I understand why this amendment was put forward and presented so well by the noble Lord, Lord Leong, but I do not support it. I do not think it necessary or desirable.
There are three politically controversial applications to join the CPTPP. The Chinese application is, of course, much the most controversial. If I were asked to predict what will happen, I would predict that nothing will happen, and that the Chinese application and, sadly, the Taiwanese application will remain in the “too difficult” tray for a very long time. Unanimity among existing members is required both to open a negotiation and to end a negotiation by agreeing to accession, and that is not foreseeable under present circumstances. The amendment is unnecessary because the condition that it sets—the peg for the report it calls for, which is a decision on Chinese accession—is unlikely to happen in the foreseeable future.
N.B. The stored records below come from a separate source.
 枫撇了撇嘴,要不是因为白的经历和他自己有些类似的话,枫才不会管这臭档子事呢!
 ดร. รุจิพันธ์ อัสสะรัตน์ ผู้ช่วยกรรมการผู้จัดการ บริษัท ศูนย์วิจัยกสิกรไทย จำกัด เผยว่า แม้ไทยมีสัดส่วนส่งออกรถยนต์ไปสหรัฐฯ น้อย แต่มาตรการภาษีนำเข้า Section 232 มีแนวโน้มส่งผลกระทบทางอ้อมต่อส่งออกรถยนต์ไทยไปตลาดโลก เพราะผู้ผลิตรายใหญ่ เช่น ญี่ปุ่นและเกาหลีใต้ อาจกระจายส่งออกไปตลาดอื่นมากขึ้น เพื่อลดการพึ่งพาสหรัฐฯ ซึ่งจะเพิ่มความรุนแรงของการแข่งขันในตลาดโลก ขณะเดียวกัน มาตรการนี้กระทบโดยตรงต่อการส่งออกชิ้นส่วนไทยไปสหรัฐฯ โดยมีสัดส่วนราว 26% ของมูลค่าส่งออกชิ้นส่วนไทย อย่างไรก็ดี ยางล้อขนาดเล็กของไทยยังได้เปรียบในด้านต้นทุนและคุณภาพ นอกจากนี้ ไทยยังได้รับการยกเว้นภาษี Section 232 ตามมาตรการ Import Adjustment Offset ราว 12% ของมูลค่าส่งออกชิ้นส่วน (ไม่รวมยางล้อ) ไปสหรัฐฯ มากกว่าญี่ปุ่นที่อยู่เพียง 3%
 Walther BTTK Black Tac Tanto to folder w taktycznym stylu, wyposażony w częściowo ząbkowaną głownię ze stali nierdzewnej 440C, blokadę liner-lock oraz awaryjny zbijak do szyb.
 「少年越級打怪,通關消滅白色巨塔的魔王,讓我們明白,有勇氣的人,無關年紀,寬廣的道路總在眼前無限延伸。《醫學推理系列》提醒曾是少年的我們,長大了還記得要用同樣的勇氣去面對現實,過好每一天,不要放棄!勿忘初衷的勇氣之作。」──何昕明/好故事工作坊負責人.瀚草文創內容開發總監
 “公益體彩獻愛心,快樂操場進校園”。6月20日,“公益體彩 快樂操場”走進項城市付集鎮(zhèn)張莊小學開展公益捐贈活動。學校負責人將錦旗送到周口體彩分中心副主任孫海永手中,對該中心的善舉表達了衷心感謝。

It is also undesirable because, in general, there is quite a lot to be said for not requiring Governments to come clean on hypothetical questions. I admit that I used to work in government and, to put it in a pejorative way, it might be desirable to hide behind “There is no consensus”, rather than revealing which side one was actually on. That is conceivable and I do not think it is desirable.
3.45 pm
So far, I hope I am being extraordinarily helpful to the Government. Let me now be extremely unhelpful to them: I think it is necessary to be much more open with Parliament on what our trade strategy is. What actually do we think is the future of the multilateral system? Do we think that plurilateral is the way it is going, or that there is any need to have a policeman—an authority? Does it matter that the WTO court is moribund and perhaps dead? Is there any way of reviving the WTO and what is the British philosophy on the future of trading systems?
We say that we believe in the global system of rule of law. It is collapsing before our eyes. The world is dividing into huge blocs. The policeman of the WTO is on its knees, if not on its back. I do not know what instructions we give our people in Geneva or what they are supposed to say about the future of the WTO. We look at trade relations through a narrow focus on particular bilateral relations and this very welcome accession to the CPTPP, which I am strongly in favour of, but we need a sort of philosophy.
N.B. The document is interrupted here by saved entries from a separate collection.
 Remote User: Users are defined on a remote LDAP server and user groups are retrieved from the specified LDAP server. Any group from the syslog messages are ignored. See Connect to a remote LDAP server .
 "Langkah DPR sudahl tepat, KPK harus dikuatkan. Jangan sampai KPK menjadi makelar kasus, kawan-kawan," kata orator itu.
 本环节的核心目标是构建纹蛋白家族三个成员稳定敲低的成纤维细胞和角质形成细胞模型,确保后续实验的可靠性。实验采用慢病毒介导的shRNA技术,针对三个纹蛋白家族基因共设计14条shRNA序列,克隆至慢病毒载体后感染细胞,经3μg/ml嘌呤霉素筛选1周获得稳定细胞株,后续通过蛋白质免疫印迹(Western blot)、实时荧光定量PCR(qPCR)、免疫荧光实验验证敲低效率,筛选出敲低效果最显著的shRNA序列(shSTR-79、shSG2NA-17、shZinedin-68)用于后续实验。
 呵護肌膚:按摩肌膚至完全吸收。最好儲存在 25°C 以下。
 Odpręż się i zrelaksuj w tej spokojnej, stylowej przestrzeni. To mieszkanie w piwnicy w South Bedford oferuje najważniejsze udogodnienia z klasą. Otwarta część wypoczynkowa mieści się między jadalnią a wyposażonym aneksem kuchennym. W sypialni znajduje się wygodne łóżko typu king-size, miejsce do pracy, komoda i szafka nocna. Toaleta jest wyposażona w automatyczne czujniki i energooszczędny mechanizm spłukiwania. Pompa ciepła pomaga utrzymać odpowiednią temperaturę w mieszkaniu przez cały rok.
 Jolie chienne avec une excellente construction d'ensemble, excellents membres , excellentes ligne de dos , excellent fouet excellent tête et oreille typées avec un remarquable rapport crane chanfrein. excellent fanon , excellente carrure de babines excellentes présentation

In the United States, the USTR’s report is an annual event. I do not want to call what the United States has at the moment a trade philosophy—it is hard to dignify current US trade policy with the word “philosophy”—but the practice of the United States is set out in the USTR’s report. In many ways, the New Zealanders are an example that we should really try to follow. They encourage a public debate, which informs their Parliament. They discuss in public their record—what they have achieved in the past year and what they hope to achieve in the year ahead—against a coherent philosophy. They are strong free traders, as I hope we will continue to be, and as I wish the United States was.
The International Agreements Committee has, again and again, suggested to government that it might be quite a good idea to publish a trade strategy document—
and renew it, year by year. That is the answer rather than amendments such as Amendment 17, which is not required and is mildly undesirable.